Across the industry, there are hundreds of patterns and signals that have been developed by researchers to support technical analysis trading. Technical analysts have also developed a variety of trading systems to help them forecast and trade on price movements. Some indicators focus primarily on identifying current market trends, including areas of support and resistance, while others focus on identifying the strength of the trend and its likelihood of continuation. Commonly used technical indicators and chart patterns include trend lines, channels, moving averages, and momentum indicators. In general, technical analysts consider the following broad types of indicators:
  • Price trend
  • Chart templates
  • Volumes and momentum
  • Oscillator
  • Support and resistance levels

Fundamental Assumptions of Technical Analysis

There are two main methods used to analyze stocks and make investment decisions: fundamental analysis and technical analysis. Fundamental analysis involves analyzing a company's financial statements to determine the fair value of the business, while technical analysis assumes that the price of security already reflects all public information and instead focuses on a statistical analysis of price movements.

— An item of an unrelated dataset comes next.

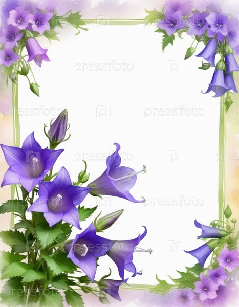 Чистый лист бумаги, окруженный рамкой из фиолетовых или синих колокольчиков. Цветы, расположенные вокруг бумаги, создают естественную красивую границу. Фон или шаблон для различных целей, пространство для копирования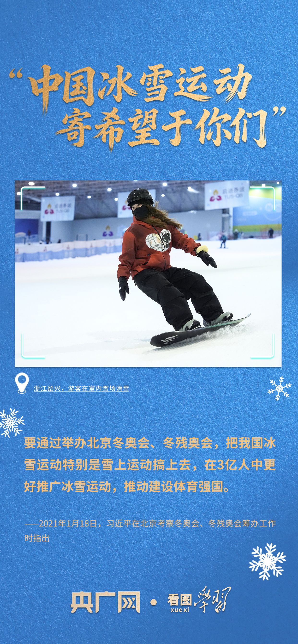 2021年1月,总书记在河北省张家口市崇礼区考察调研时指出,中国冰雪运动也必须走科技创新之路,一方面要坚持自主创新,一方面要善于吸收国际上的先进技术和训练方法。

Technical analysis attempts to understand the market sentiment behind price trends by looking for patterns and trends instead of analyzing the fundamental attributes of securities. Charles Dow released a series of editorials discussing the theory of technical analysis. His writings include two fundamental assumptions that have further formed the framework for technical analysis trading. The market works efficiently with values that represent factors that affect the price of a security, but even random market price movements seem to move in identifiable patterns and trends and tend to repeat over time. Today the field of technical analysis is built on the work of Dow. Professional analysts generally accept three general assumptions for the discipline:
  1. Markets depreciate everything: Technical analysts believe that everything from company fundamentals to broad market factors to market sentiment has been priced into stocks. This view is consistent with the Effective Market Hypothesis (EMH) which assumes a similar conclusion about prices. The only thing left is price movement analysis, which technical analysts see as the product of supply and demand for a particular stock in the market.
  2. Price moves with trends: Technical analysts expect that the price, even in random market movements, will show the trend regardless of the time frame observed. In other words, stock prices are more likely to continue past trends than erratic fluctuations. Most technical trading strategies are based on this assumption.
  3. History tends to repeat itself: Technical analysts believe history tends to repeat itself. The repetitive nature of price movements is often attributed to market sentiment, which tends to be very predictable based on emotions such as fear or excitement. Technical analysis uses chart patterns to analyze these emotions and subsequent market movements to understand trends. While many forms of technical analysis have been used for over 100 years, they are still thought to be relevant as they illustrate patterns in price movements that are often repeated.

How can I learn technical analysis?

There are many ways to learn technical analysis. The first step is to learn the basics of investing, stocks, markets, and finance. All this can be done through books, online courses, online materials, and classes. After understanding the basics, from there you can use the same types of documents but with a special focus on technical analysis.